What you are asked to do
Pictures do not belong in the copy. Write out exactly the lines from the one containing "3mm Neopren, halten" through the end of the data.

Dataset excerpts
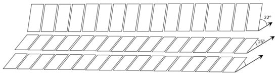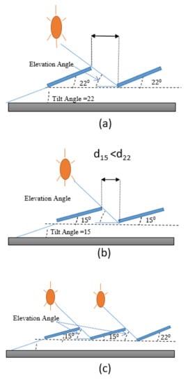 An additional solution has been suggested by the authors to accommodate the limited area of the roof buildings. The solution is based on using the optimal tilt angle of 22° for the first string of the PV system and a tilt angle of 15° for the other strings. The advantage of using this configuration is that it provides more energy than the second scenario and accommodates the limited area of the roof building without shading. Figure 6 shows the authors’ proposed configuration, which can be used over buildings’ roofs where the area is limited. Figure 7 shows the relationship between elevation angle and spacing between rows for all scenarios. It is clear that the distance between rows is increased by increasing the tilt angle. Therefore, the first scenario has the maximum spacing between rows.
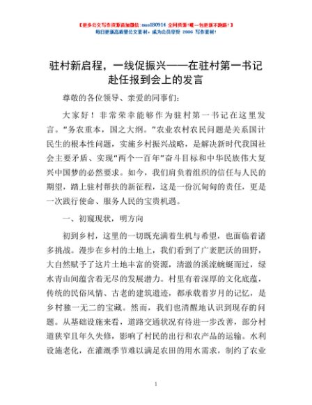 / 驻村新启程,一线促振兴——在驻村第一书记赴任报到会上的发言
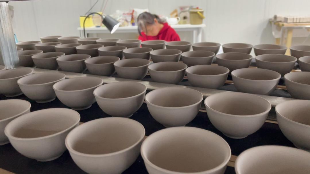 车间工人忙着将一个个茶具的素坯修整好、排列齐,等待下一炉素烧。
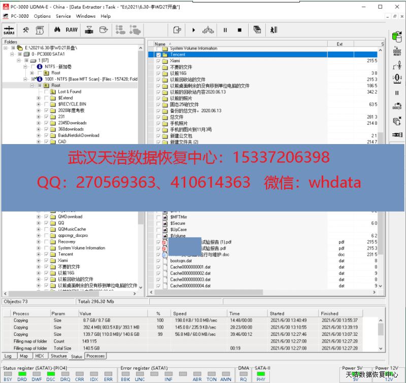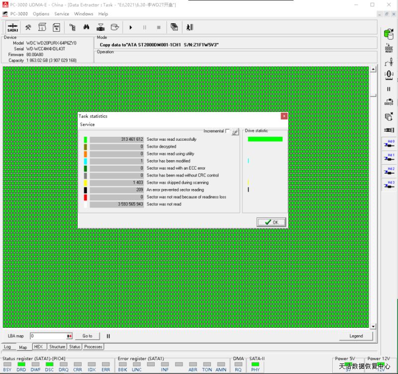 解决方案:收到硬盘后,我们在无尘环境更换兼容的磁头,再接到专业数据恢复工具PC3000 UDMA Express上,通电硬盘正常认盘,DE镜像,成功恢复硬盘内客户公司绝大部分数据!
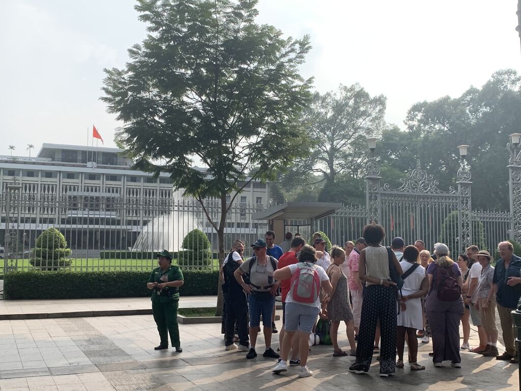 | Une délégation de touristes étrangers devant le Palais de la réunification à Hô Chi Minh-Ville. |
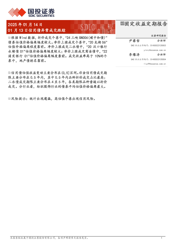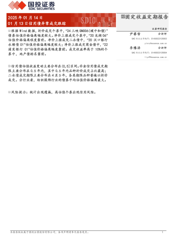 【国投证券】【20250114】01月13日信用债异常成交跟踪-10页
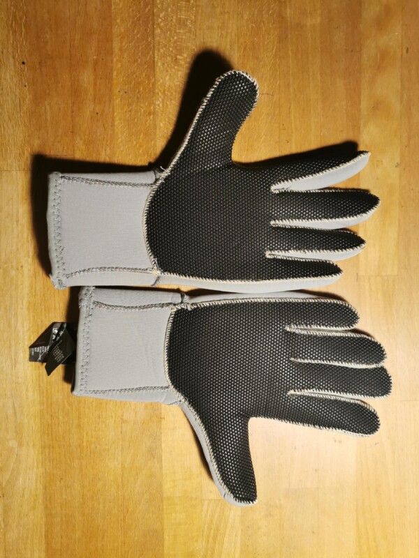 3mm Neopren, halten super warrm. Leider jetzt im Winter schon wieder zu klein, daher ungetragen. Neupreis war 75,99, ich hätte gerne noch 50 Euro.
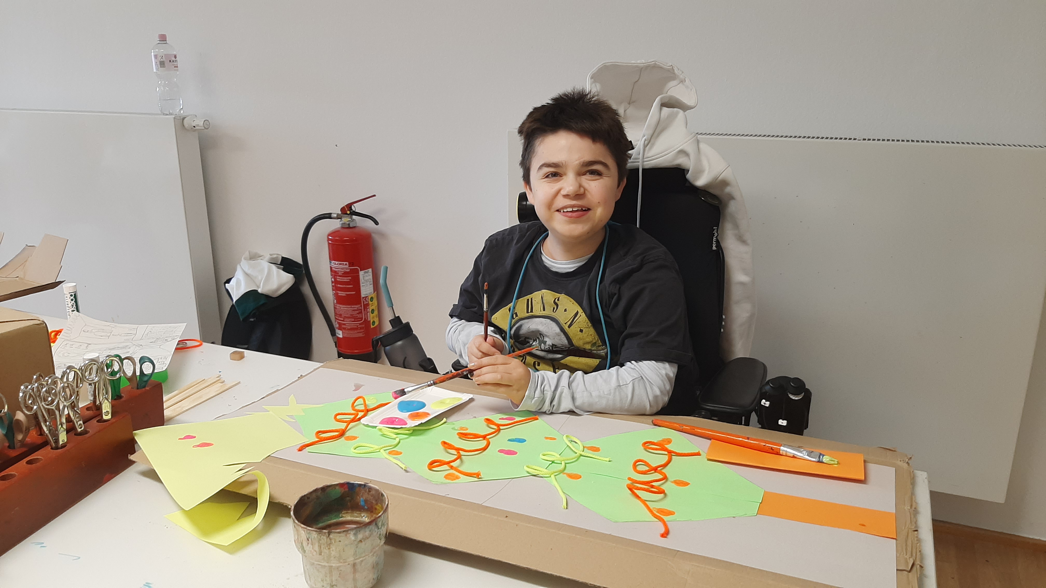 Beim letzten Treffen haben wir uns alle schwarze Kleidung angezogen, damit die Kleidung auf dem Film nicht erscheint. Unsere bunten Neongemälde wurden dann mit Schwarzlicht ausgeleuchtet und gefilmt. Die Rollifahrer hatten während der Aufführung Neonstreifen auf den Rädern und auf den Armen. Zuletzt hat Susanne das Video geschnitten und mit unseren Geräuschen und unseren Kommentaren vertont. Es ist ein richtig toller Film entstanden, der von unseren Träumen und Zukunftswünschen handelt.

Answer area
 3mm Neopren, halten super warrm. Leider jetzt im Winter schon wieder zu klein, daher ungetragen. Neupreis war 75,99, ich hätte gerne noch 50 Euro.
 Beim letzten Treffen haben wir uns alle schwarze Kleidung angezogen, damit die Kleidung auf dem Film nicht erscheint. Unsere bunten Neongemälde wurden dann mit Schwarzlicht ausgeleuchtet und gefilmt. Die Rollifahrer hatten während der Aufführung Neonstreifen auf den Rädern und auf den Armen. Zuletzt hat Susanne das Video geschnitten und mit unseren Geräuschen und unseren Kommentaren vertont. Es ist ein richtig toller Film entstanden, der von unseren Träumen und Zukunftswünschen handelt.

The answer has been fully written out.